Besides, the simulation result also reveals significantly different activation states for various heads of a muscle branch (Table 4), which indicates different roles played by different heads of a muscle. Therefore, it is suggested that future researches avoid vague terms such as biceps, deltoids, but rather precisely down to the head of muscles.

Concerning the study of the muscle fatigue, an activation rate equal to 100% means the worker cannot keep this posture because his muscle capacities will decrease quickly. Conversely, a low activation rate means the worker can keep longer this posture. During usual tasks, it is often request to be under 20% of activation rate. So, for this task, only the L-M posture is feasible for drilling operations.

Indeed, if we compare the for the whole body, the estimated muscle activation, the L-C and H-C postures are mostly the same. However, for the L-C posture, maximal activation rate permits to the worker a short activity but not for the H-C posture.

This last remark permits us to write a future optimization problem: minimize the whole body muscle activation under constraint to the maximal value of local muscle activation. This problem need to find new realistic human postures and the computation of the inverse dynamic model at any steeps of the computation to determine new muscle activation rates.

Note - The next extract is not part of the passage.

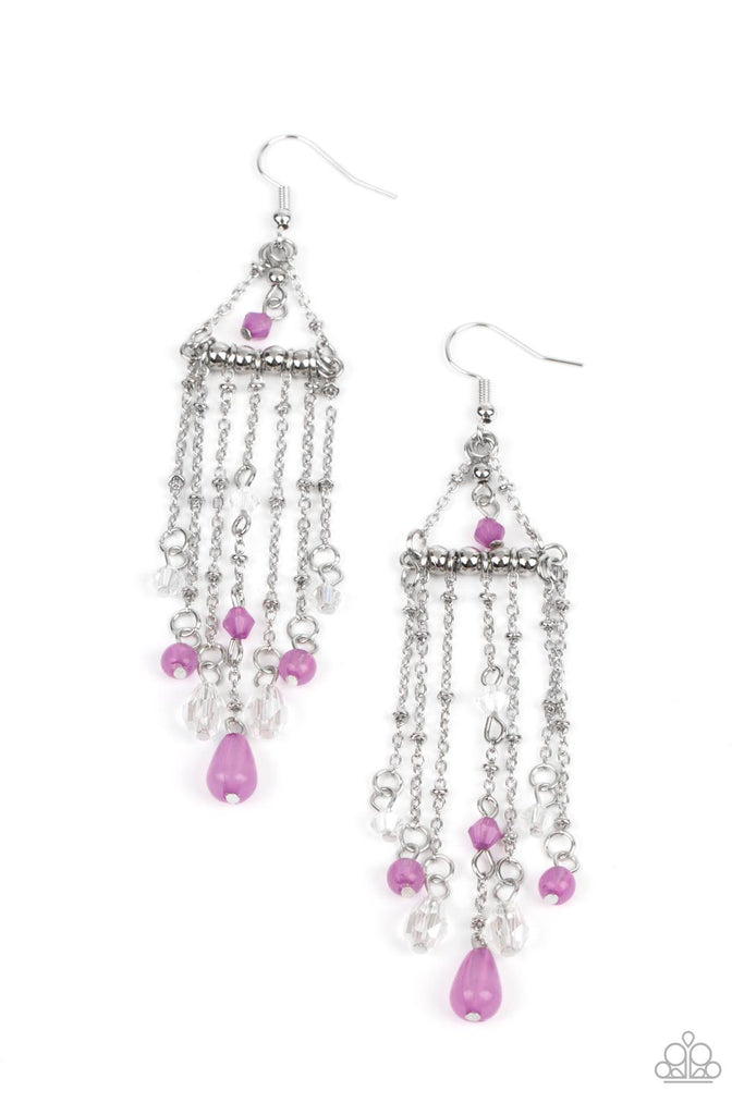 Tassels of silver chains fall from the bottom of a silver bar suspended by a pair of satellite chains. A faceted Lavender bead swings from the top of the frame, with additional Lavender accents and clear crystal beads adding playful pops of color to the tassels below. Earring attaches to a standard fishhook fitting.

6 Conclusions and Future Works

This research introduces a full-chain OpenSim model. It consists of 45 body segments, 424 muscles and 39 degrees of freedom. This model was used to simulate an overhead drilling task. Results suggest that beside of shoulder elevation moment, shoulder rotation moment is also considerable during overhead drilling; and back muscles play an important role. In addition, the total muscle activations vary markedly with different postures for this task. Conclusions are drawn that the full-chain OpenSim model facilities biomechanical analysis in three aspects: (i) a comprehensive estimation of multi-degree-of-freedom joints’ moments; (ii) understanding how the muscles across body cooperate in motions; (iii) optimizing working posture in view of total muscle efforts.

Future works will be done to optimize working postures under constraint of maximal muscle activity to minimize the worker fatigue or to adjust the behavior of exosqueleton mechanism attached to the worker. Indeed, a local assistant can remove local muscle constraint but increase the muscle activity, for another part body, and yields to new musculosqueleton disorder. Thus, the full-body muscle model with a motion capture system can also predict the dynamic muscle endurance times for complex task where many muscles are activated to produce the motion.